=== Collected material ===

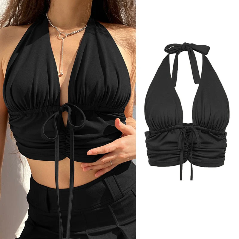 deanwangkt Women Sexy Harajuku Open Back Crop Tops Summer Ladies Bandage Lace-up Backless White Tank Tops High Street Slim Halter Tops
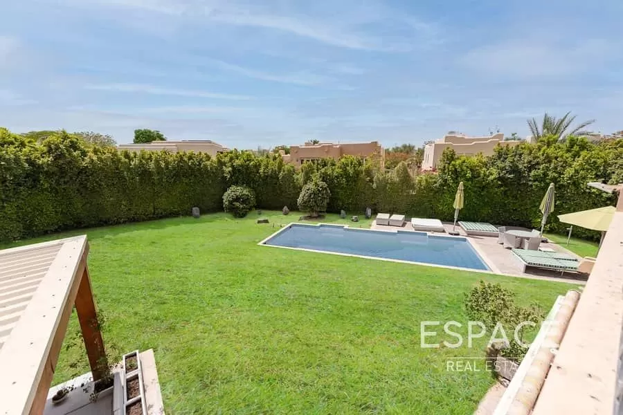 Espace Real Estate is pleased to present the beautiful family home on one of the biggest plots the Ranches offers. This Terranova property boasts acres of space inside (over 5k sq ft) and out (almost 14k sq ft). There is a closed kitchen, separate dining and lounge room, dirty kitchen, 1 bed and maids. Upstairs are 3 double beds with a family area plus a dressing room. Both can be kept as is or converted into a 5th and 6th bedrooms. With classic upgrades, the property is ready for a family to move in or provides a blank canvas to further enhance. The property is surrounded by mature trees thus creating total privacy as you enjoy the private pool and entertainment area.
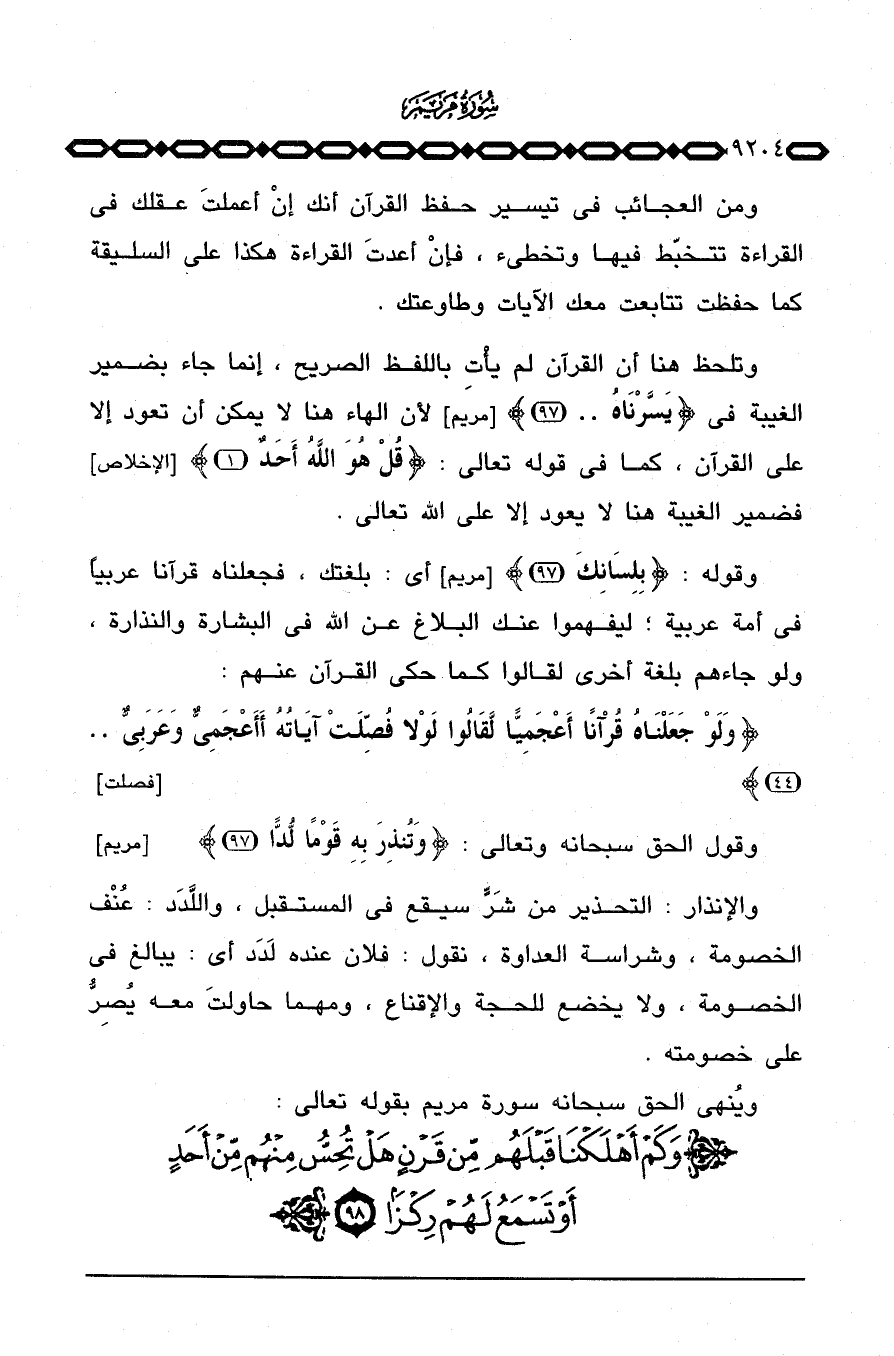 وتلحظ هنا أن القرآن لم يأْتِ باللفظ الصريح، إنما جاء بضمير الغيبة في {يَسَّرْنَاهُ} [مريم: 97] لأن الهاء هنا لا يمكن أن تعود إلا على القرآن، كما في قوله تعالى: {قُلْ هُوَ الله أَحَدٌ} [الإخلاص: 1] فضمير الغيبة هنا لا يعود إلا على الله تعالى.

===

Return an exact copy of the data above, apart from any pictures.

 deanwangkt Women Sexy Harajuku Open Back Crop Tops Summer Ladies Bandage Lace-up Backless White Tank Tops High Street Slim Halter Tops
 Espace Real Estate is pleased to present the beautiful family home on one of the biggest plots the Ranches offers. This Terranova property boasts acres of space inside (over 5k sq ft) and out (almost 14k sq ft). There is a closed kitchen, separate dining and lounge room, dirty kitchen, 1 bed and maids. Upstairs are 3 double beds with a family area plus a dressing room. Both can be kept as is or converted into a 5th and 6th bedrooms. With classic upgrades, the property is ready for a family to move in or provides a blank canvas to further enhance. The property is surrounded by mature trees thus creating total privacy as you enjoy the private pool and entertainment area.
 وتلحظ هنا أن القرآن لم يأْتِ باللفظ الصريح، إنما جاء بضمير الغيبة في {يَسَّرْنَاهُ} [مريم: 97] لأن الهاء هنا لا يمكن أن تعود إلا على القرآن، كما في قوله تعالى: {قُلْ هُوَ الله أَحَدٌ} [الإخلاص: 1] فضمير الغيبة هنا لا يعود إلا على الله تعالى.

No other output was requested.